In Section 2, Implementation, it describes how the data is distributed in machines called spanservers, which themselves contain data structures called tablets, which are stored as B-tree-like files in a distributed file system called Colossus. It describes the data model, which allows hierarchy of tables, where the parent table’s rows are interleaved with the children tables’.

The paper puts emphasis on the TrueTime API as the linchpin that address many challenges in real-world distributed systems, especially around latency. This is described in Section 3.

Section 4 describes technical details on how to implement the distributed transactions and safe schema changes.

In Section 5, the authors provide benchmarks and use cases, in particular F1, a database built on top of Spanner and used by Google’s AdWords team, to address some scaling limitations of a sharded MySQL database.

Architecture

Spanservers

Figure 1: Spanner stack [1]

As we can see in Figure 1, Spanner is organized in a set of zones, which are the unit of administrative deployment. Even though there might be more than one zone per data center, each zone correspond to a disjoint physical set of server. Within a zone, we have the zonemaster, which the paper doesn’t delve into, the location proxy, which serves as a index that directs requests to the appropriate spanserver, and the spanserver itself, which is the main unit in the system, containing the actual data.

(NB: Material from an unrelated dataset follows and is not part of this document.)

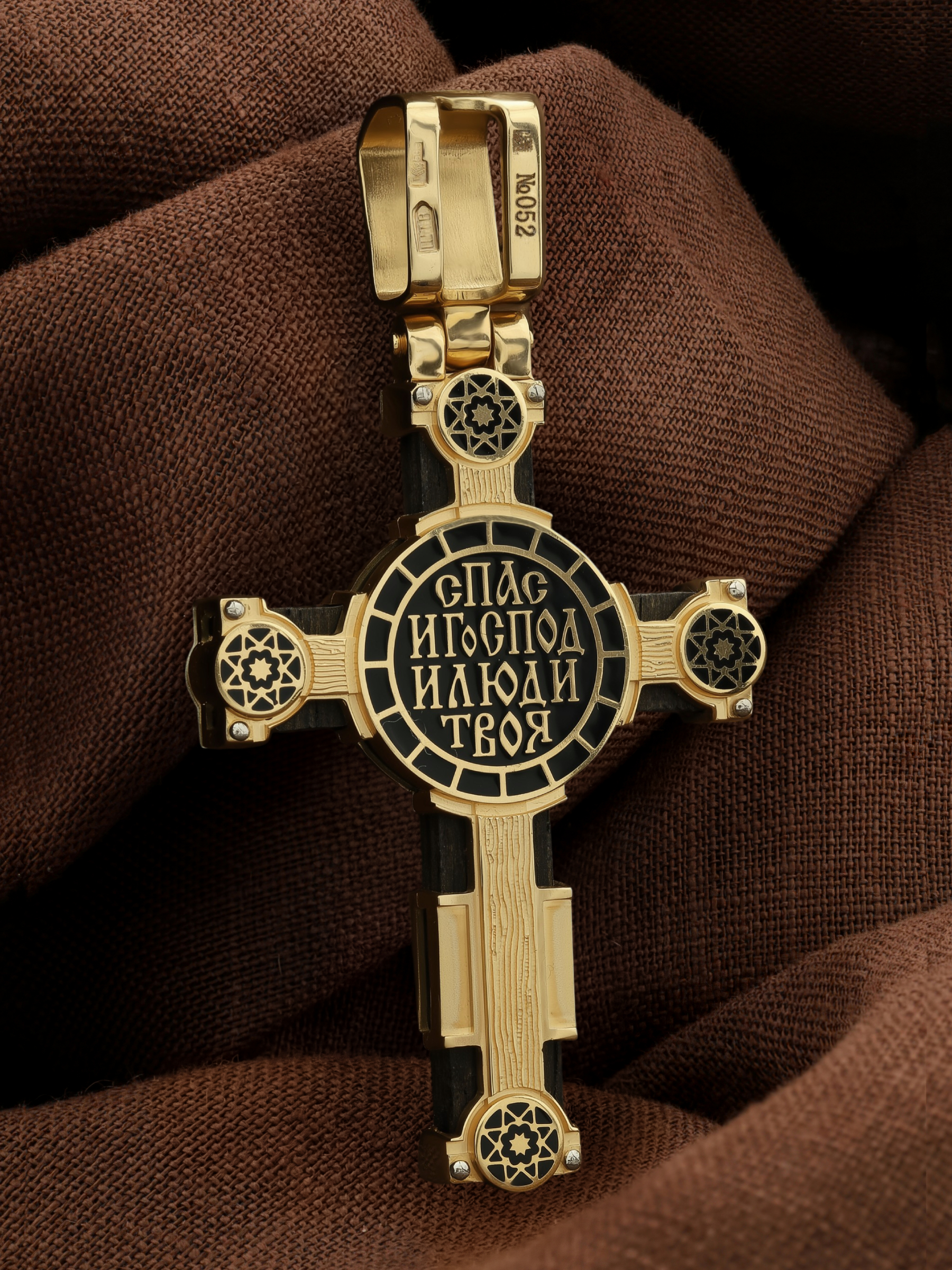 Крест из лимонного золота c эмаль и эбеновым деревом

Figure 2: Spanner architecture

A spanserver contains multiple tablets, which are a map

(key, timestamp) -> value

They are stored in Colossus, a distributed file system (successor of Google File System). A spanserver contains multiple replicas of the same data and the set of replicas form a Paxos group, which we can see in Figure 2. Reads can go directly to any replica that is sufficiently up-to-date. Writes must go through a leader, which is chosen via Paxos. The lock table depicted on top of the leader replica in Figure 2 allows concurrency control. The transaction manager is used to coordinate distributed transactions (that is, across multiple groups) and is also chooses the participant leader. If the transaction involves more than one Paxos group, a coordinator leader must be elected among the participant leaders of each group.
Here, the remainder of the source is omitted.